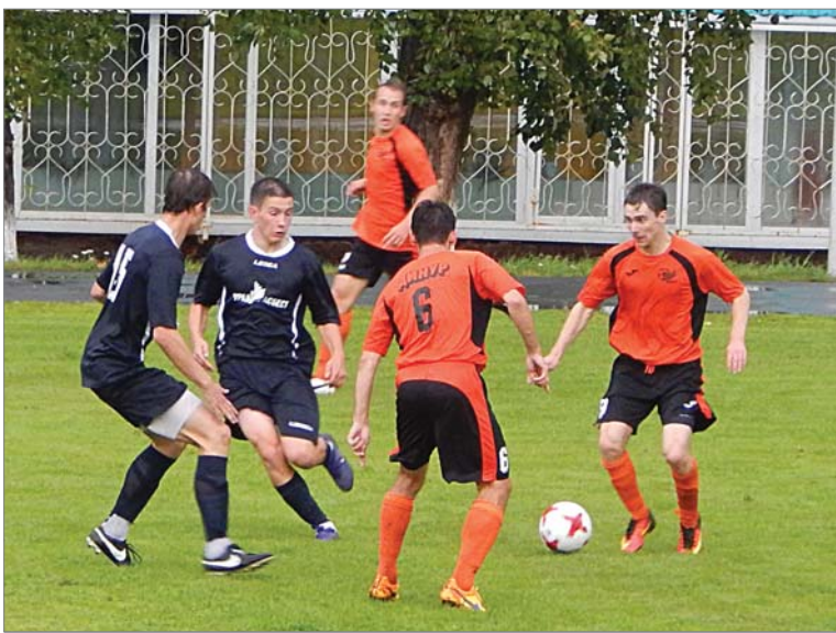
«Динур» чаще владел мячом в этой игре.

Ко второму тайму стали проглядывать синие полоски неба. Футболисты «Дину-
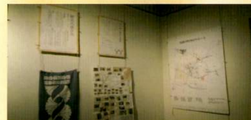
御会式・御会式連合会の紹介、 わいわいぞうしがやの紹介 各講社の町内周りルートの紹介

Exercise = The data is to be returned exactly as it stands, pictures aside.

Completed task =
«Динур» чаще владел мячом в этой игре.

Ко второму тайму стали проглядывать синие полоски неба. Футболисты «Дину-
御会式・御会式連合会の紹介、 わいわいぞうしがやの紹介 各講社の町内周りルートの紹介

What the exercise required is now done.